By Evelina Torres
Today God mourned with me, before I knew I was going to mourn.
Thunder and rumbles woke me up, but it wasn’t a bother, rather a comfort. I couldn’t fall asleep last night as something kept me awake. I would not yet know. I woke up with peace.
My parents called me to come to the office. I walked in the room smiling. They did not greet me. They told me to sit down. They kept still and silent. My mom was tense. She said she didn’t want me to cry. Oh God don’t let it be what I think it is, it can’t be. My stepdad’s eyes stayed on the ground. “You tell her” my mom croaked. I think it is.
This morning rain pelted down from the gray, dreary skies, blurring the window’s view. I watched as the disfigured trees were wrenched back and forth by the wind. I heard the trees creak as my mom teared up. I heard the wind swallow my cry as the words “Paul is dead” lay splayed on the ground. Shock numbed me to think that my own biological father died. Last night? I collapsed into my chair. Scalding tears poured down my face, the frog in my throat raged, causing me indescribable pain. My parents drizzled “we love you”s and “it’ll be ok”s on my head. At some point my screams and weeps and guttural bawls matched the decibel of the wind. I felt arms surround me as the feeling of emptiness grew.
Today God mourned with me.
The weather did not leave me. It surrounded my bouts of grief. My body stayed laid down on the couch that day, exhaustion filled my soul. The television was on, but I could not hear it. The only noise was the beating rain and my thoughts of hopelessness.
My eyelids would blink. My head would turn to acknowledge voices. My legs eventually took me downstairs for dinner, knowing better than me to just lay on the couch for eternity. As my arms lifted the fork, and my jaw chewed the food, my eyes stayed steady on the sunset that cracked through the dark clouds. I did not notice my tears falling on my plate. I barely felt my grandmother’s hand wipe some away from my cheek. I found myself once more laid down, unaware of how I returned, too busy with trying to solve God’s greatest puzzle.
My comfort is only brought that his death was quick, and he suffers no more. If there ever is a more.
How could there be “a more” when He ripped Paul from my life now?
There’s things I wished I never held back. Even though it has been years since I’ve uttered the simple phrase, I pray one day maybe, just maybe, Paul will know I love him.
Today God mourned with me. Or did He mock me?
How cruel it is that my two greatest fears combined into one: dying from a car and never seeing my biological father again. How is it that I had told every single person I could of how excited I was to talk to him again on my 18th, and now he’s gone? How is it that I believed I had time to catch up, time to rebuild a nonexistent relationship? There is—was—plenty of time, he was only 39. And he’s gone now?
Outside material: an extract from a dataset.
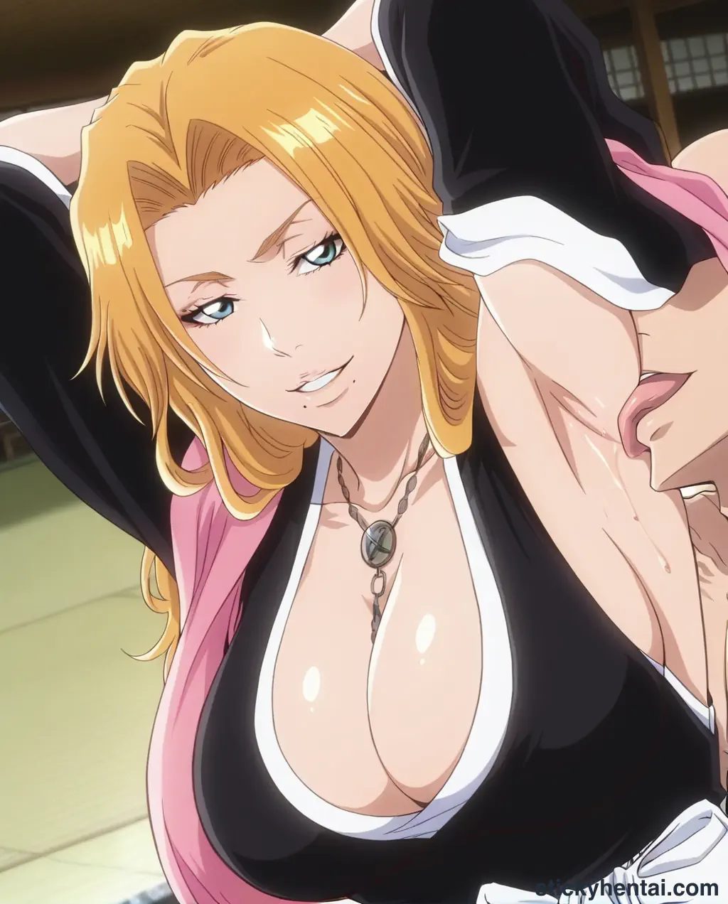 See the complete collection of images featuring Orihime Inoue spitroast position with two men (Deepthroat and vaginal)

He’s gone without a goodbye? He’s gone without hearing his “I love you too”? He’s gone without seeing his eldest daughter graduate high school? He’s gone without seeing his eldest get into college? He’s gone—
The next day, as the lowly clouds drifted away, as the wind released the trees from its wrath, as the rain stopped abusing the earth, I was alone. The silence was piercing.
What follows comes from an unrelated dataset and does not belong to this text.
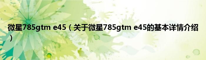 微星785gtm e45(关于微星785gtm e45的基本详情介绍)

I was alone when my family gave me flowers, when my friends gave me sympathy cards, when the clock struck midnight and our glasses made a toast.
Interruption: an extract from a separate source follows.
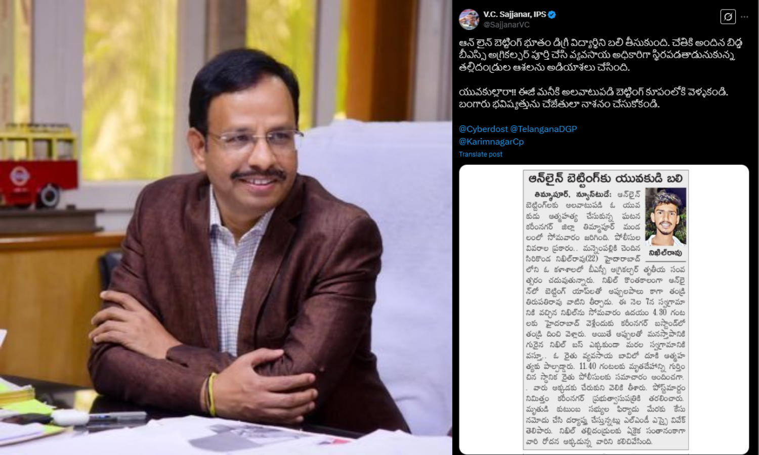 Sajjanar shared a news clipping on his Twitter account detailing the recent suicide of Nikhil Rao, a 22-year-old B.Sc. Agriculture student from Mannempalli village in Karimnagar district. Nikhil had reportedly become addicted to online betting apps, accruing significant debts. Despite his father’s efforts to clear these debts, Nikhil continued to gamble, ultimately leading to his suicide by jumping into an agricultural well near his village. He was the only child of his parents, who are now devastated by the loss.

I was alone when I learned he was homeless, that he would not receive a burial, that he died because of blunt force trauma, that it was time to claim insurance.
As it has now been almost a year, I continue to mourn. It runs as TV static on the back of my brain. I remember as the skies turn grey again, during the inconspicuous ring of the house phone, when I play my favorite Houston rap songs (which were his favorite too).
While my tears have come to a mere drip and the frog in my throat is sated, the rage in the questions of how and why still burns in my soul and every passing day without an answer adds kerotin to the flame. I am branded by a death that came too soon, an unsatisfactory solution to a broken relationship. I am insulted by my own social activism to help repair a broken system, which unbeknownst to me held him down, while I could not help him.
I pray that he has now found the peace that I so desire. I hope that there is a future for our broken relationship as daughter and father. I hope that it is as sweet as the cotton candy he bought me when I was three years old at the Houston rodeo, as wonderful as the rides we went on together, and as everlasting as one of the few photos I have of him of us on that day at the fair.
The world keeps moving no matter how much I would like it to stop, but maybe it’s a good thing that the flowers continue to bloom, that the sun continues to rise, that I continue to walk through life as it comes.
Evelina Torres is a freshman Political Science and CCE major from Houston, TX. In her free time, she love to jam out to music, read books, and catch up on her favorite podcast. She also likes to write personal poetry and prose as she thinks it is very therapeutic, and she wanted to submit this story because the moment was acutely painful.